Tissue factor (TF), also known as platelet tissue factor, factor III, thrombokinase, or CD142, is a 47 kDa transmembrane glycoprotein receptor present in subendothelial tissue, platelets, and leukocytes (1). The principal function of TF is to localize the coagulation serine protease factor VII/VIIa (FVII/VIIa) to the cell surface, thereby initiating the coagulation cascade. In normal human tissues, TF is only expressed in extravascular cells which comprise the vascular adventitia and organ capsules, forming a haemostatic barrier surrounding the vasculature to prevent blood loss (2). Damages to the endothelial lining of blood vessels can lead to the initiation of TF expression, which ultimately results in activation of the coagulation system (3). The expression of TF is upregulated in several scenarios such as thrombosis, tumor growth, metastasis, and angiogenesis (4, 5). Clinically, the pathologic consequences of unregulated activation of the coagulation system is a major cause of increased morbidity and mortality in cancer patients (6).

With about 44,030 estimated new cases and 37,660 estimated deaths in 2011 in the United States, pancreatic cancer is among the most incurable malignant diseases with a dismal 5-year survival rate of ∼5% (7). The majority of pancreatic adenocarcinoma has been found to be associated with several haemostatic complications such as venous and arterial thrombosis, migratory thrombophlebitis, pulmonary embolism, disseminated intravascular coagulation, and simultaneously aggressive tumor angiogenesis and metastasis (8, 9). It is now generally recognized that a strong correlation exists between the aberrant expression of TF and pancreatic cancer (10, 11), as well as many other solid tumor types such as breast cancer (4), glioma (12), leukemia (13), and lung cancer (14). This correlation signifies the potential for not only inhibiting tumor angiogenesis/metastasis and the associated thrombosis through modulation of TF signalling, but also using TF as a prognostic marker (15).

ALT-836 (formerly known as Sunol-cH36) is a chimeric anti-human TF monoclonal antibody that binds to the factor X (FX)-binding site in TF with nanomolar affinity, which can block the activation of FX and inhibit the coagulation cascade (16). Recently, ALT-836 has been evaluated in a phase 1 clinical trial in acute lung injury/acute respiratory distress syndrome (ALI/ARDS) (17). Based on the encouraging phase I results, a phase II clinical trial is currently ongoing. In addition, ALT-836 is in a phase I clinical trial for locally advanced or metastatic solid tumors.

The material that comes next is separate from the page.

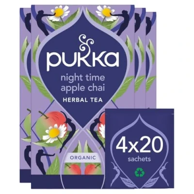 Pukka Herbs, Night Time Apple Chai Organic Herbal Sleep Tea Box [4 Boxes of 20 Bags], Natural For Bedtime Relaxation, Caffeine Free, 80 Plant Based Biodegradable Bags

Positron emission tomography (PET) imaging has been widely used in clinical oncology for tumor staging and for monitoring therapeutic efficacy (18-21). Although anti-TF antibodies have been used for imaging of thrombus formation and atherosclerotic plaques in animal models (22, 23), no PET imaging of TF has been reported to date. The goal of this proof-of-principle study was to investigate whether ALT-836 can be used for PET imaging of TF in preclinical pancreatic cancer models, using 64Cu as the radiolabel, which can open up new avenues for future patient selection/stratification in TF-related clinical trials, as well as monitoring the therapeutic response. To validate the PET findings, various in vitro/in vivo/ex vivo studies were carried out to confirm TF specificity of 64Cu-labeled ALT-836.

Materials and Methods

Chemicals

ALT-836 was provided by Altor Bioscience Corporation (Miramar, FL). AlexaFluor488- and Cy3-labeled secondary antibodies were purchased from Jackson Immunoresearch Laboratories, Inc. (West Grove, CA). S-2-(4-isothiocyanatobenzyl)-1, 4, 7-triazacyclononane-1, 4, 7-triacetic acid (p-SCN-Bn-NOTA) and Chelex 100 resin (50-100 mesh) were purchased from Macrocyclics, Inc. (Dallas, TX) and Sigma-Aldrich (St. Louis, MO), respectively. 64Cu was produced using the 64Ni(p,n)64Cu reaction with a cyclotron. Water and all buffers were of Millipore grade and pre-treated with Chelex 100 resin to ensure that the aqueous solution was heavy metal-free. All other reaction buffers and chemicals were from Thermo Fisher Scientific (Fair Lawn, NJ).

Cell Lines and Animal Models

BXPC-3, ASPC-1, and PANC-1 pancreatic cancer cell lines were purchased from the American Type Culture Collection (ATCC, Manassas, VA) and cultured according to the supplier's instructions. Cells were used for in vitro and in vivo experiments when they reached ∼75% confluence. All animal studies were conducted under a protocol approved by the University of Wisconsin Institutional Animal Care and Use Committee. Four- to five-week-old female athymic nude mice were purchased from Harlan (Indianapolis, IN) and tumors were established by subcutaneously injecting 5 × 106 cells, suspended in 100 μL of 1:1 mixture of culture medium and Matrigel (BD Biosciences, Franklin lakes, NJ), into the front flank of mice. Mice were used for in vivo experiments when the diameter of tumors reached 5-8 mm (4∼6 weeks after inoculation).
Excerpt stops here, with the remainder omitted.